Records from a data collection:
+++
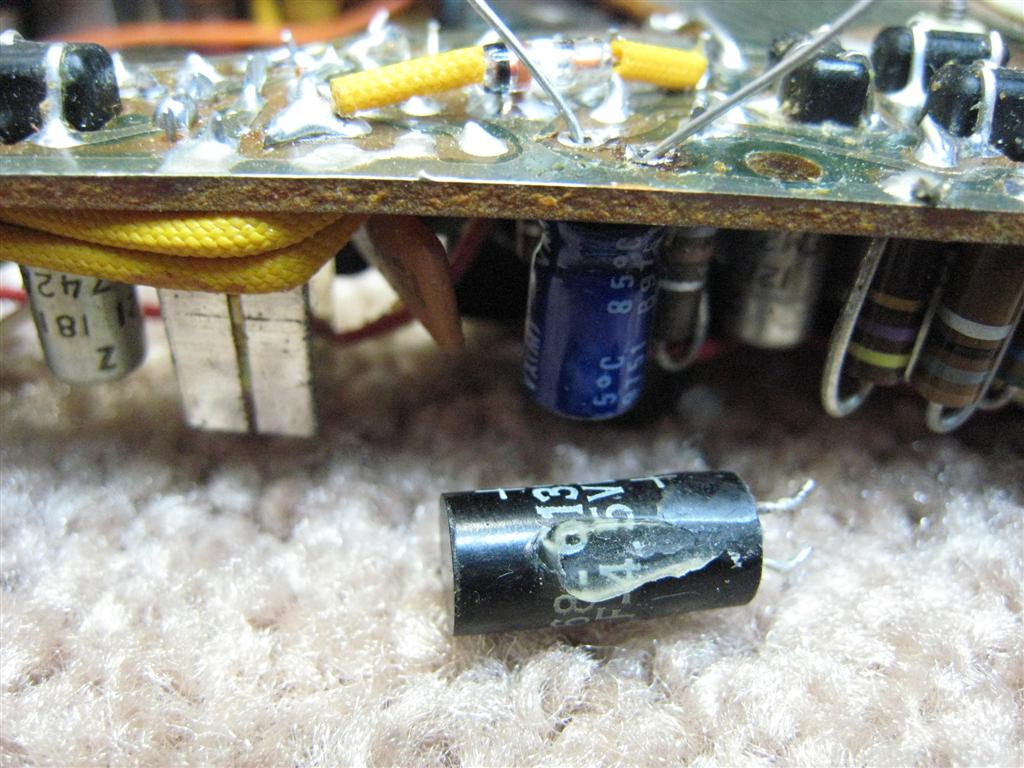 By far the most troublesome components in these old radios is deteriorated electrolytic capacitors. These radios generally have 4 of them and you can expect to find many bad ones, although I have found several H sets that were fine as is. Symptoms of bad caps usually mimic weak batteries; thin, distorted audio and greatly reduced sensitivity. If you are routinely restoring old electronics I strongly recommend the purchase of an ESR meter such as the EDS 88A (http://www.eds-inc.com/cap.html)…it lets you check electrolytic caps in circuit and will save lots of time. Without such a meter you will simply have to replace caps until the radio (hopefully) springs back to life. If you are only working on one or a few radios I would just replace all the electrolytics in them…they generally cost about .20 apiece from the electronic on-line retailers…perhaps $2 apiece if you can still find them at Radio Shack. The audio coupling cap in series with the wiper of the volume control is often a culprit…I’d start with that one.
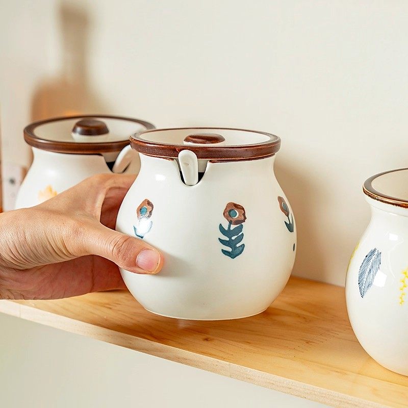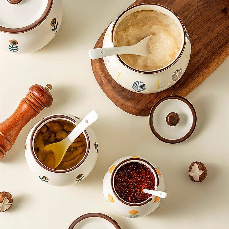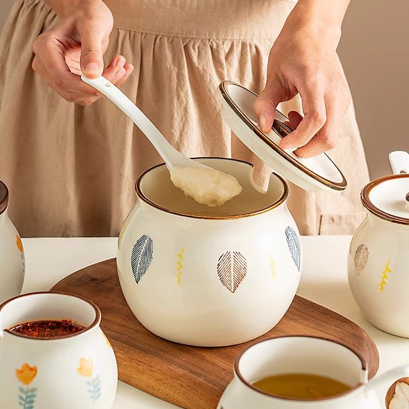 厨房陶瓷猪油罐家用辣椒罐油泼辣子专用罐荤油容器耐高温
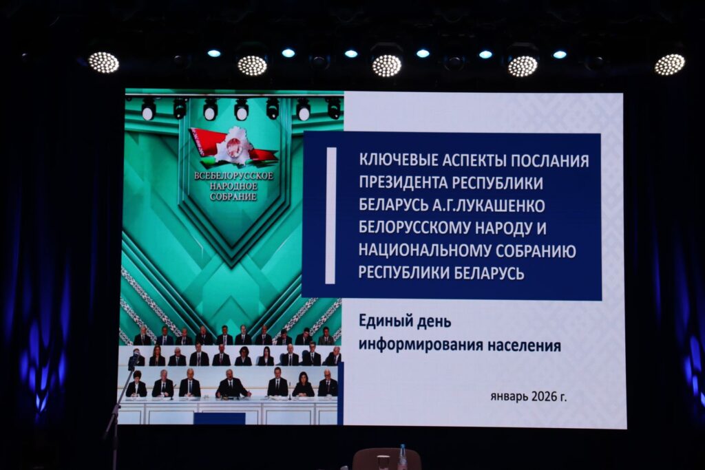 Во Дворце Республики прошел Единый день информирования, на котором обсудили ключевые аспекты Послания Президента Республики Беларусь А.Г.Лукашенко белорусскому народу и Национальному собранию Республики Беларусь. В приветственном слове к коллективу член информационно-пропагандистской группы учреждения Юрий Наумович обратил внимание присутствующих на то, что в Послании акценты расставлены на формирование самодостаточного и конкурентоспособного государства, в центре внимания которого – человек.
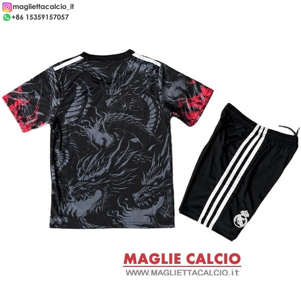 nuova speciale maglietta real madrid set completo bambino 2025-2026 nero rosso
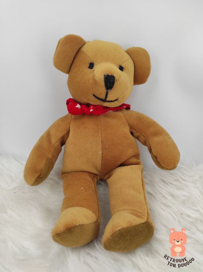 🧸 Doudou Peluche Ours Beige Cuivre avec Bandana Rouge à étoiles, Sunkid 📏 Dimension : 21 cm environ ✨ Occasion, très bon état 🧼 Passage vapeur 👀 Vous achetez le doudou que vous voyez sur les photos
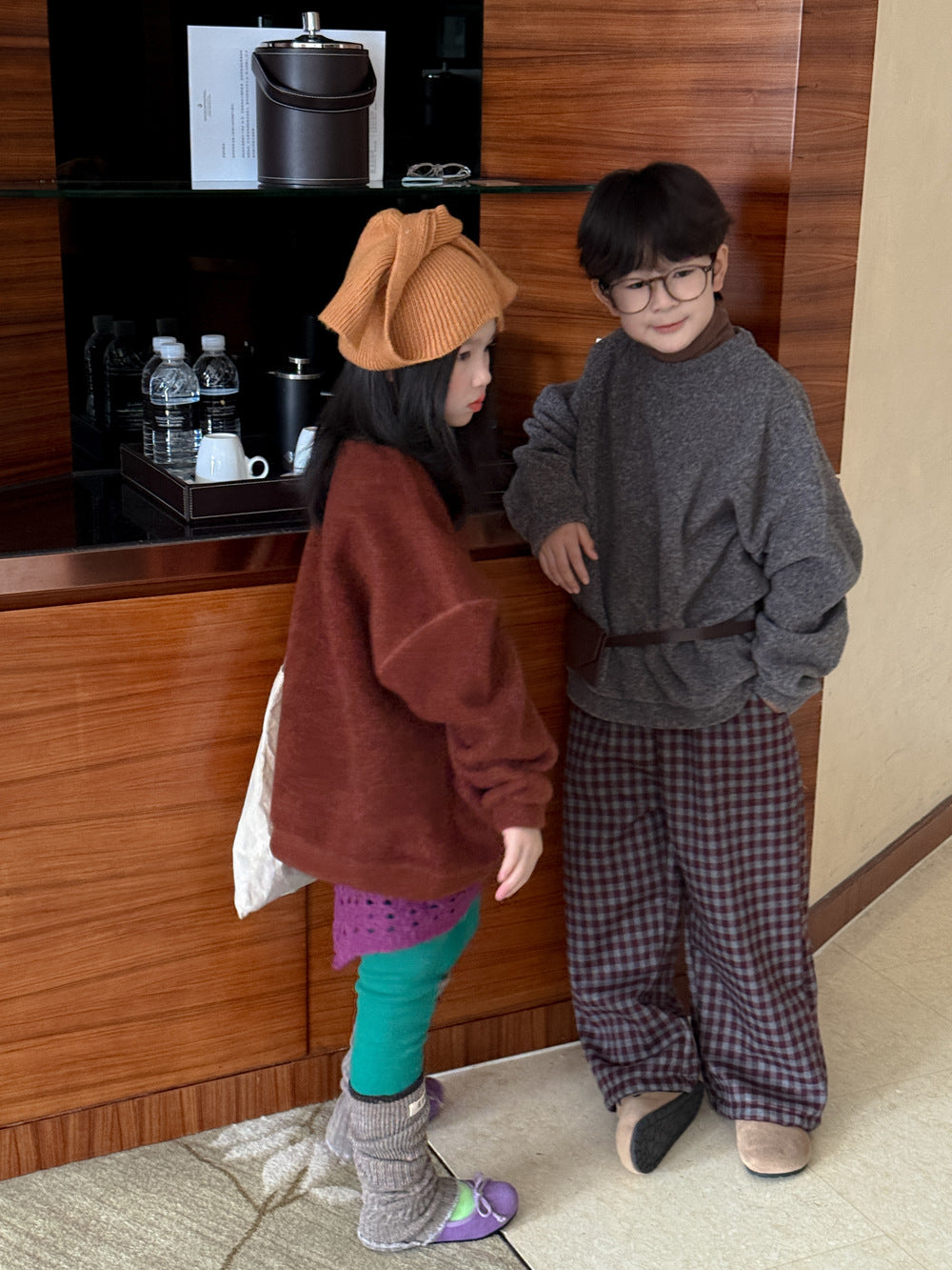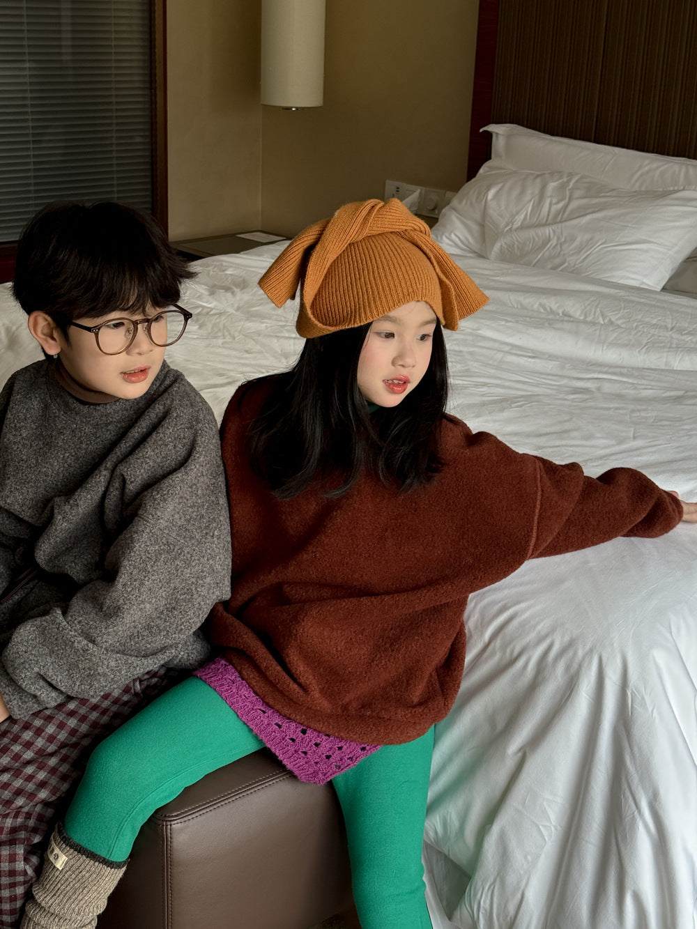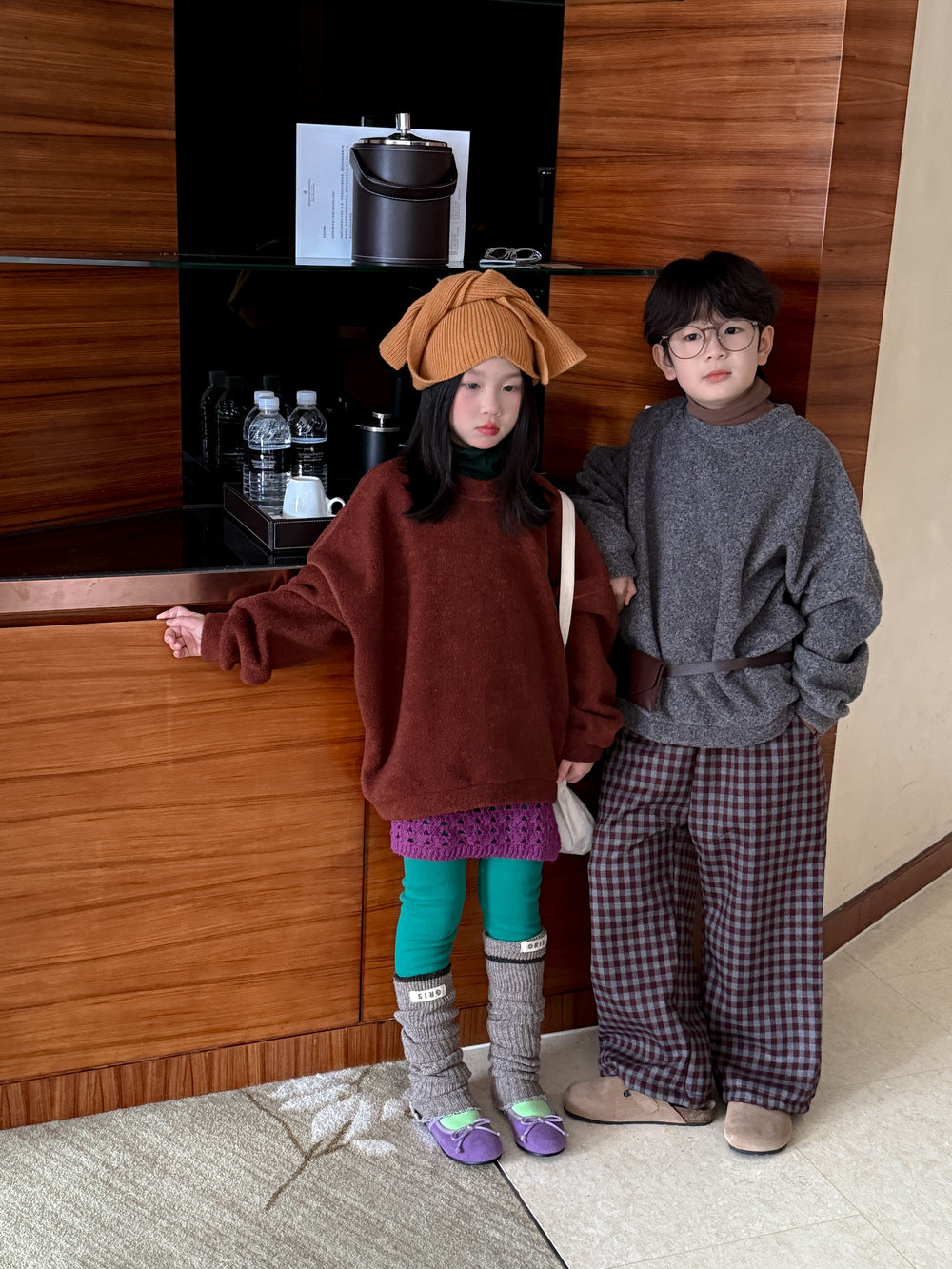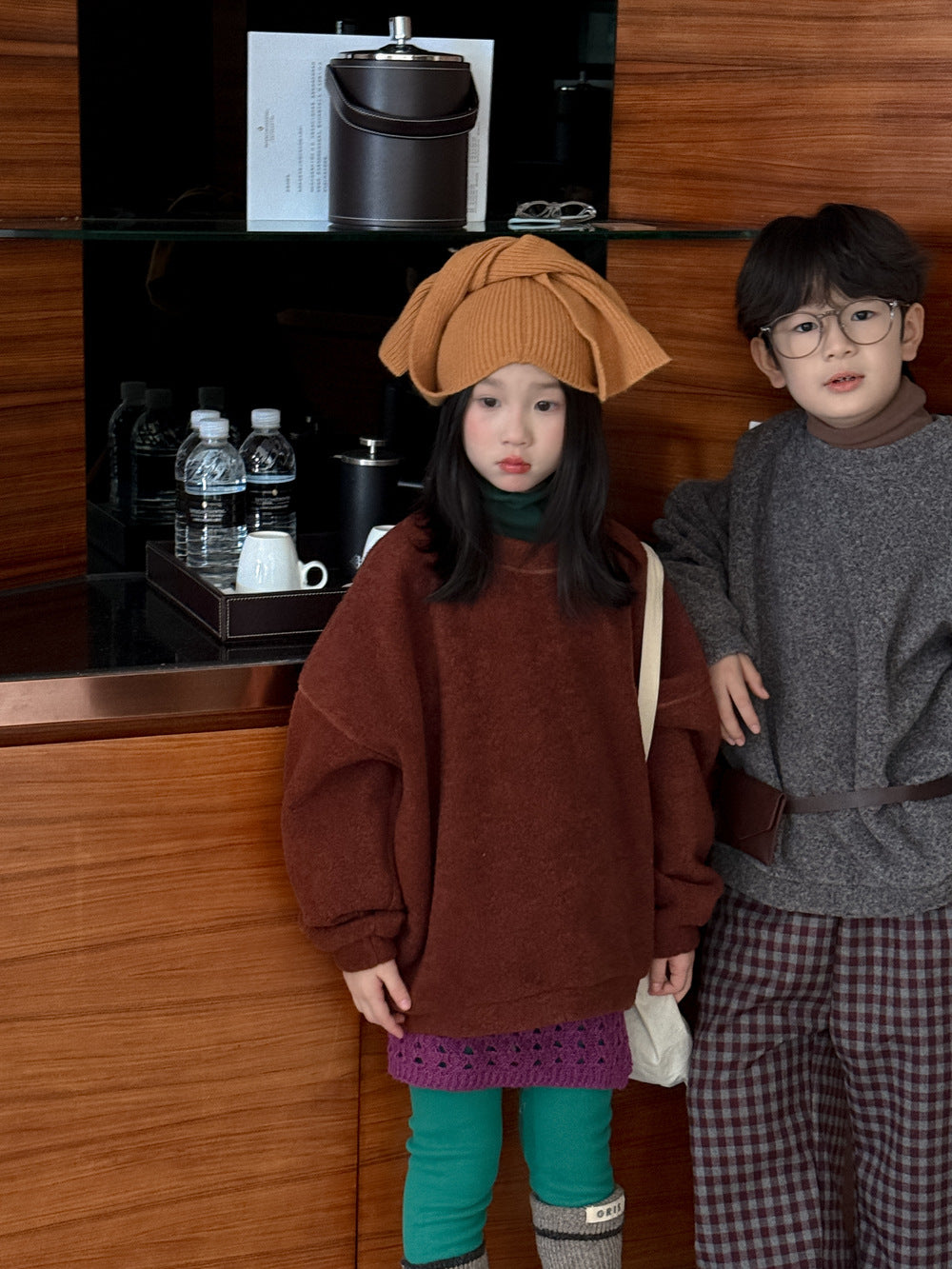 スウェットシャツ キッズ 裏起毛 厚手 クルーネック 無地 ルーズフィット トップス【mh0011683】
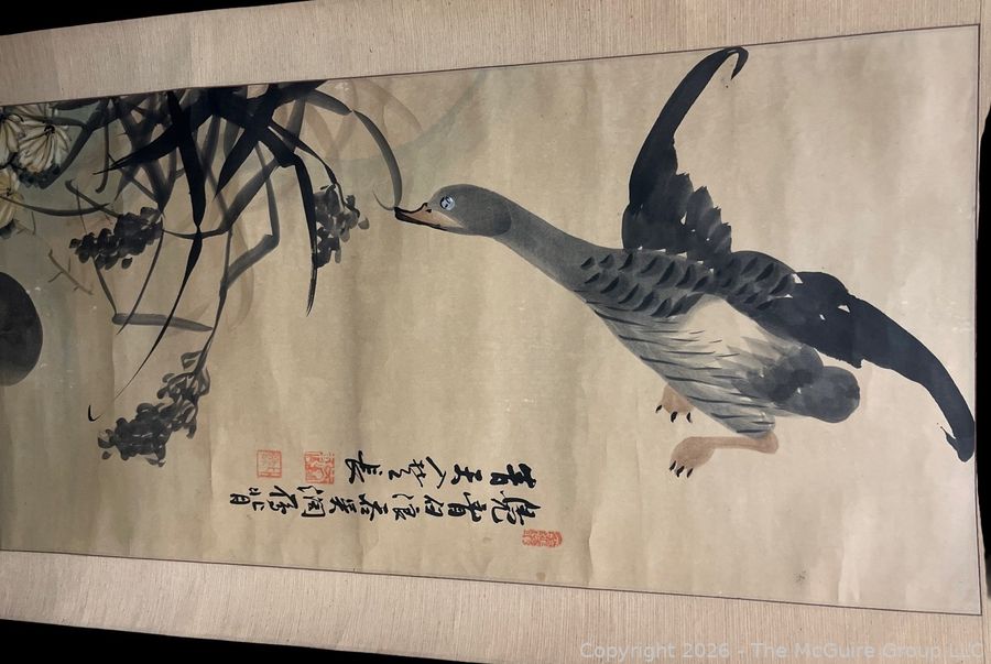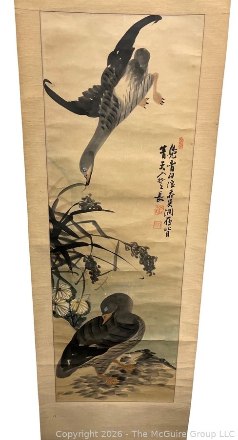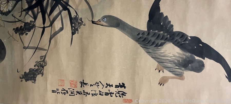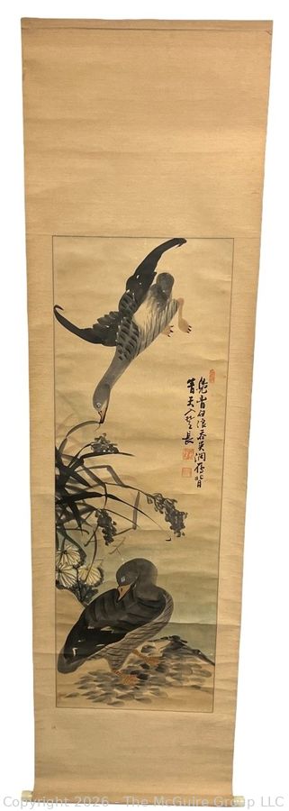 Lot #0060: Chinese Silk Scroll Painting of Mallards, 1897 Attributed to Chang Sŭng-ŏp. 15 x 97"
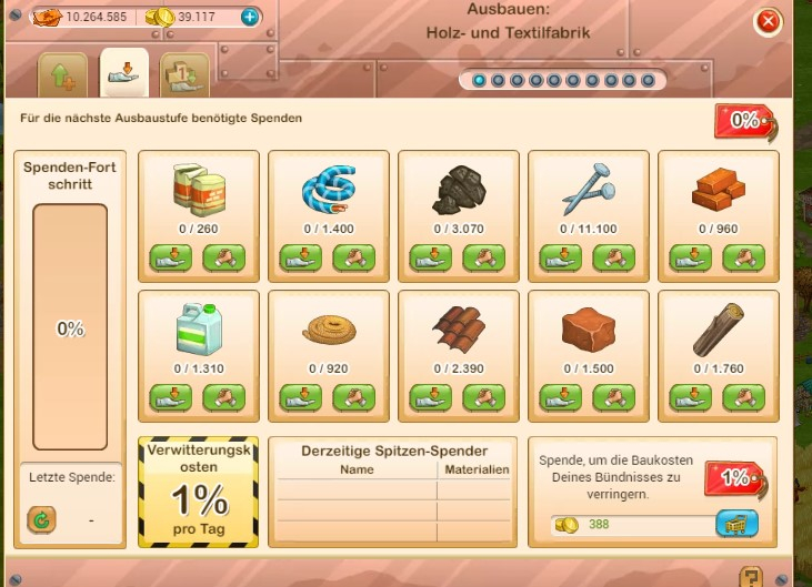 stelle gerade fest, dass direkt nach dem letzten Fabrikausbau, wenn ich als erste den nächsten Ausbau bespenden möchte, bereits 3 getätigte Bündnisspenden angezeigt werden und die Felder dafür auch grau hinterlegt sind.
+++
» WHAT IS EXPECTED:
Your task is to copy the entries in full and exactly, without any images.

» ANSWER TO THE EXERCISE:
 By far the most troublesome components in these old radios is deteriorated electrolytic capacitors. These radios generally have 4 of them and you can expect to find many bad ones, although I have found several H sets that were fine as is. Symptoms of bad caps usually mimic weak batteries; thin, distorted audio and greatly reduced sensitivity. If you are routinely restoring old electronics I strongly recommend the purchase of an ESR meter such as the EDS 88A (http://www.eds-inc.com/cap.html)…it lets you check electrolytic caps in circuit and will save lots of time. Without such a meter you will simply have to replace caps until the radio (hopefully) springs back to life. If you are only working on one or a few radios I would just replace all the electrolytics in them…they generally cost about .20 apiece from the electronic on-line retailers…perhaps $2 apiece if you can still find them at Radio Shack. The audio coupling cap in series with the wiper of the volume control is often a culprit…I’d start with that one.
 厨房陶瓷猪油罐家用辣椒罐油泼辣子专用罐荤油容器耐高温
 Во Дворце Республики прошел Единый день информирования, на котором обсудили ключевые аспекты Послания Президента Республики Беларусь А.Г.Лукашенко белорусскому народу и Национальному собранию Республики Беларусь. В приветственном слове к коллективу член информационно-пропагандистской группы учреждения Юрий Наумович обратил внимание присутствующих на то, что в Послании акценты расставлены на формирование самодостаточного и конкурентоспособного государства, в центре внимания которого – человек.
 nuova speciale maglietta real madrid set completo bambino 2025-2026 nero rosso
 🧸 Doudou Peluche Ours Beige Cuivre avec Bandana Rouge à étoiles, Sunkid 📏 Dimension : 21 cm environ ✨ Occasion, très bon état 🧼 Passage vapeur 👀 Vous achetez le doudou que vous voyez sur les photos
 スウェットシャツ キッズ 裏起毛 厚手 クルーネック 無地 ルーズフィット トップス【mh0011683】
 Lot #0060: Chinese Silk Scroll Painting of Mallards, 1897 Attributed to Chang Sŭng-ŏp. 15 x 97"
 stelle gerade fest, dass direkt nach dem letzten Fabrikausbau, wenn ich als erste den nächsten Ausbau bespenden möchte, bereits 3 getätigte Bündnisspenden angezeigt werden und die Felder dafür auch grau hinterlegt sind.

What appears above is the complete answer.